The raw dataset is condensed into 128 mutually exclusive classes defined by seven dichotomous maternal-infant predictors and 11 birth weight categories, comprised of 10% LBW quantile categories plus one aggregated normal weight category for added LBW granularity. Classification and Regression Trees (CART) are grown using the marginal Dirichlet-Multinomial likelihood as the splitting criterion. This criterion is equipped to handle sparse observations, with the Dirichlet hyperparameters informed by previous quantiles from the 2020 dataset to avoid "double dipping".

Employing a two-tier parametric bootstrap resampling technique, a 10,000 tree ensemble is grown yielding highly stable prediction estimates. Maternal race, smoking status, and marital status consistently drive the initial LBW risk stratification, identifying Black, smoking, unmarried mothers among the highest-risk subgroups.
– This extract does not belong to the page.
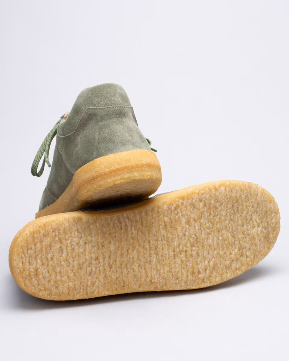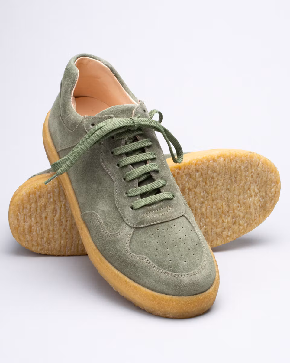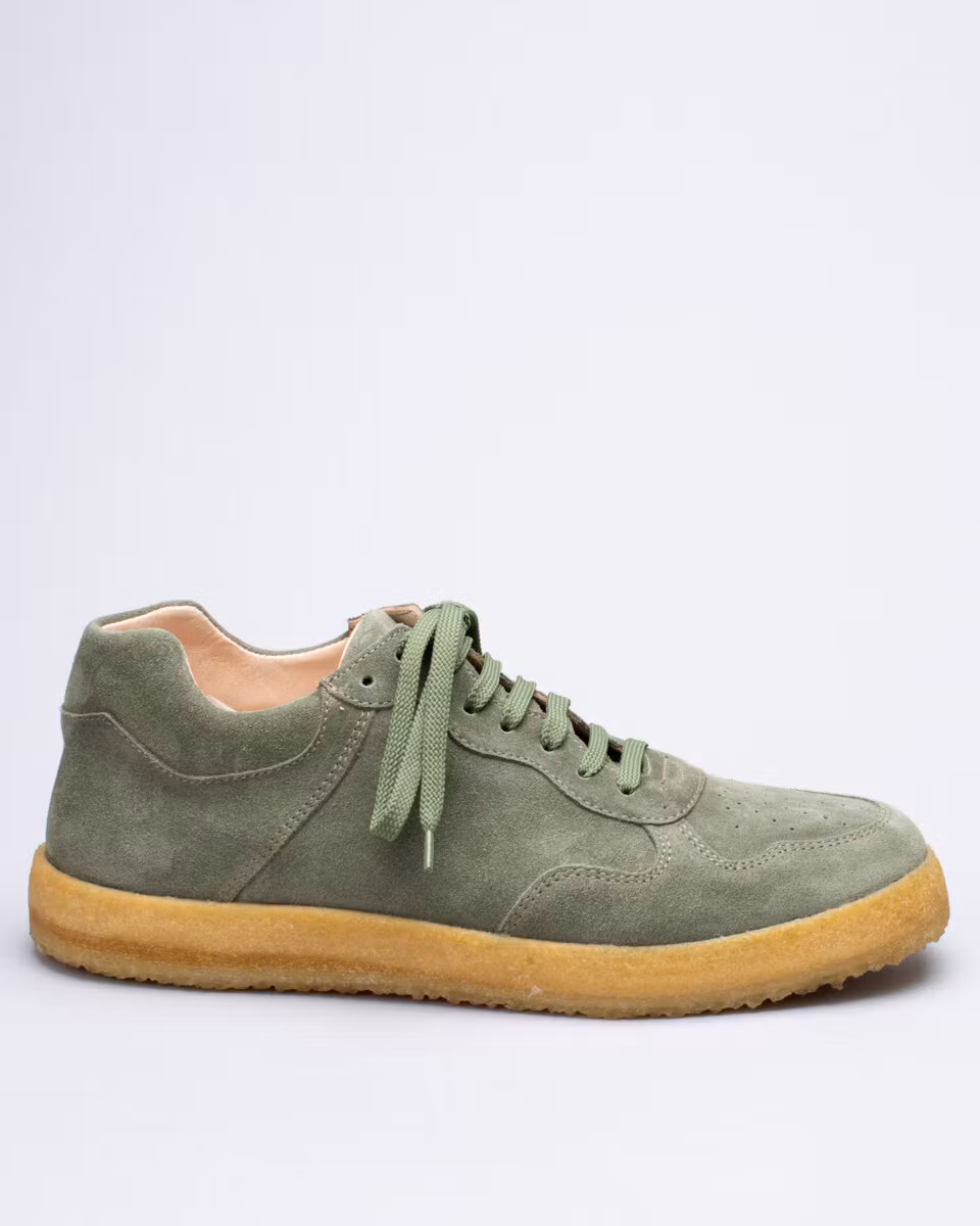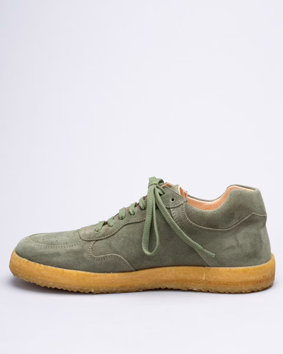 Tennis shoe siluette from Italian Astorflex. Upper in light green suede. Full leather lining. Detachable, leather lined, insole. Natural crepe rubber outsole. Made in Italy.

When the analysis is restricted to LBW births only, infant sex and maternal age supersede smoking and marital status as key discriminators, revealing finer biological gradients of risk. Ensemble predictions are well calibrated, and 95% bootstrap confidence intervals achieve nominal coverage.

The resulting framework combines the interpretability of decision trees with Bayesian uncertainty quantification, delivering actionable, clinically relevant insights for targeting maternal-health interventions among the most vulnerable subpopulations.

Repository Structure

Core Implementation Files

R Scripts
- dm-cart.R: Implementation of the DM-CART algorithm with extensions to the rpart package, including:
  - Dirichlet-Multinomial Marginal Likelihood splitting criterion
  - Custom initialization, evaluation, and prediction functions
  - Tree pruning and visualization
  - Bootstrap resampling for uncertainty quantification
  - Variable importance analysis
- data_rebin.R: Data preprocessing, creation of maternal-infant profiles and multinomial counts data ($\mathbf{X}$ and $\mathbf{Y}$, respectively)
- quantile.R: Creating quantile-based birth weight categories and cutpoints for consistent binning

Data Organization

Data Directory
- birthweight_data/: Contains the original U.S. Natality datasets and processed data files
  - natality2020us-original.csv: Raw 2020 data to obtain Dirichlet prior quantiles
  - natality2021us-original.csv: Raw 2021 data used in analysis
  - rebin/: Processed data with 2.5kg threshold included
    - rebin_with_2.5kg/: Full model data, processed including 2.5kg +
    - rebin_without_2.5kg/: LBW-only model data, processed excluding 2.5kg +
  - $\mathbf{X}$: fixed predictor matrix for maternal-infant profiles (128 rows × 7 columns)
  - $\mathbf{Y}$ : consolidated counts matrix across 128 profile classes and 10 or 11 birth weight categories (128 rows × 10/11 columns).

Methodology

The DM-CART algorithm is designed to model the distribution of birth weights using a tree-based approach.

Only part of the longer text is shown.